The fall collection features a more mature and subdued color palette.

“We’re also playing with shearling and new luxury materials,” Hoff said. “The bottom line is that this company has become more strategic in what it does since it launched in 2007. That is why our goal now is to create a more organic level of engagement with our customers.”

Moose Knuckles is sold in 10 countries, including France, Germany, Italy, Korea, Sweden and the U.K. The brand also launched in China and Japan in fall 2015.

According to Twik, Moose Knuckles has seen a “100 percent growth per year” since its inception. “We’re hoping to repeat that growth in 2016. But Moose Knuckles is still a small company by comparison. We’re not close to that $100 million mark yet,” he said.

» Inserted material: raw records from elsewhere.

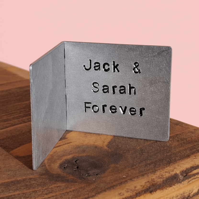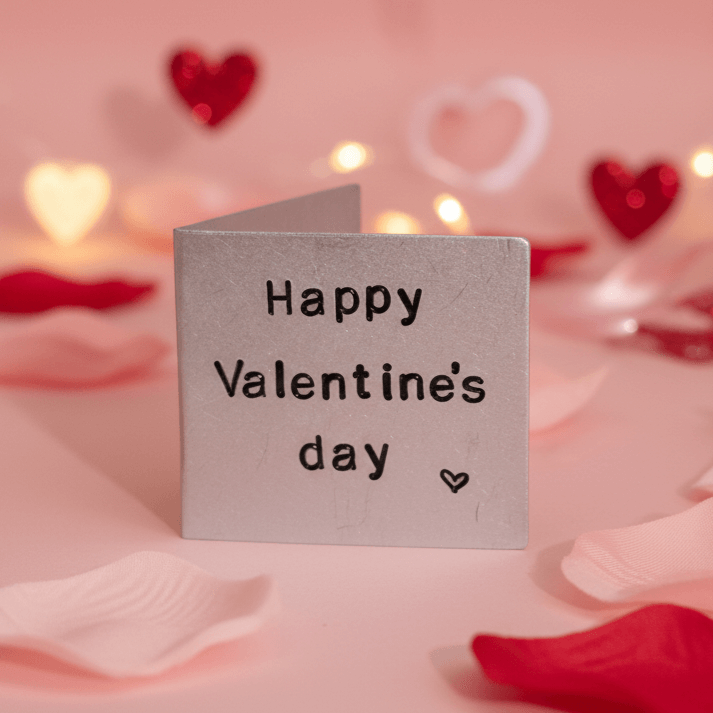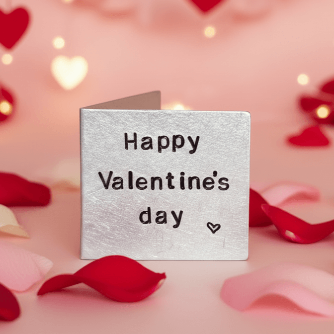 This handmade Valentine's Day Card is made from polished aluminium.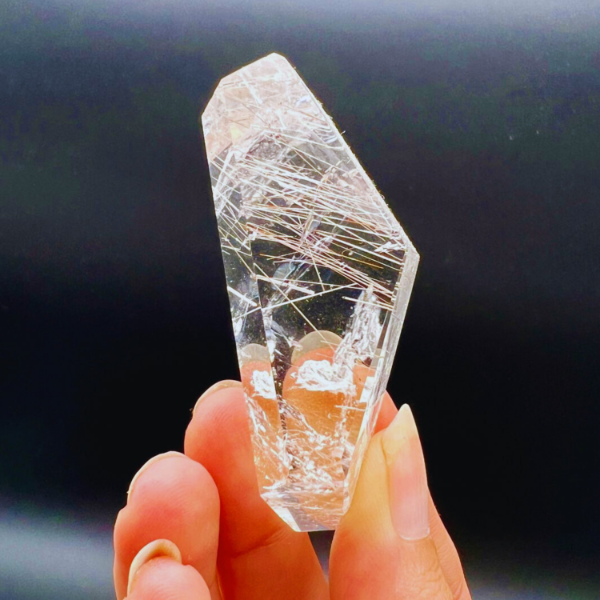 Esta pieza es de esas que no necesitan explicación cuando la ves. El cuarzo cristal totalmente transparente deja ver en su interior las agujas de rutilo que lo atraviesan en distintas direcciones, como hilos de luz suspendidos en el tiempo.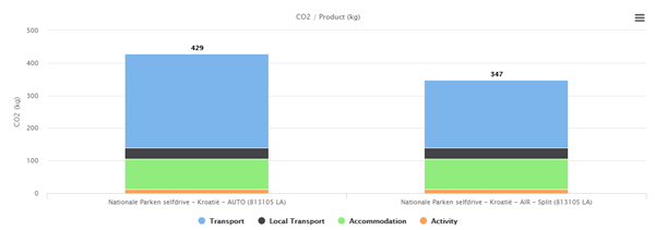 Op reis gaan betekent een onvermijdelijke CO2 voetafdruk. Ook deze reis naar Paklenica, Plitvice en Krka ontkomt daar niet aan. Hoe groot is mijn voetafdruk? In onderstaand diagram kun je zien welke voetafdruk jij achterlaat met je reis. Je ziet ook het verschil wanneer je per trein, per vliegtuig of per eigen auto reist.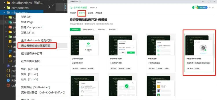打开开发者工具,在编辑器中 miniprogram 下的任意路径右键菜单下,选择“使用云模板或 AI 配置页面”(新版开发工具)或“配置单页模板”(旧版开发工具),即可进入云模板功能页面,安装微信AI客服。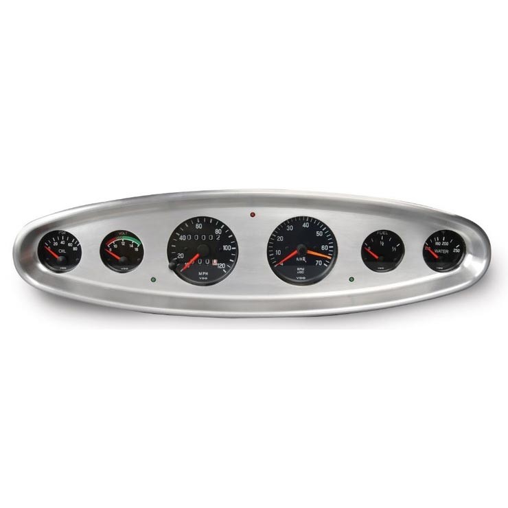 6-Gauge Brushed Aluminum Dash Insert for 3-3/8" S. W. (Excluding Winged Series) / Each

Yet Moose Knuckles’ rise has been “interesting to watch,” according to Maureen Atkinson, a senior partner at J.C. Williams Consultants in Toronto. “In some ways Moose Knuckles’ growth fits in with this idea of what Canadiana credibility means, particularly to people outside of Canada looking at the products we produce.

“Originally my interpretation of this brand was that it was very much like Canada Goose. But Moose Knuckles has differentiated itself and not because the brand is cheaper,” she added. “Moose Knuckles is clearly moving towards fashion more and more. It’s very much its own brand.”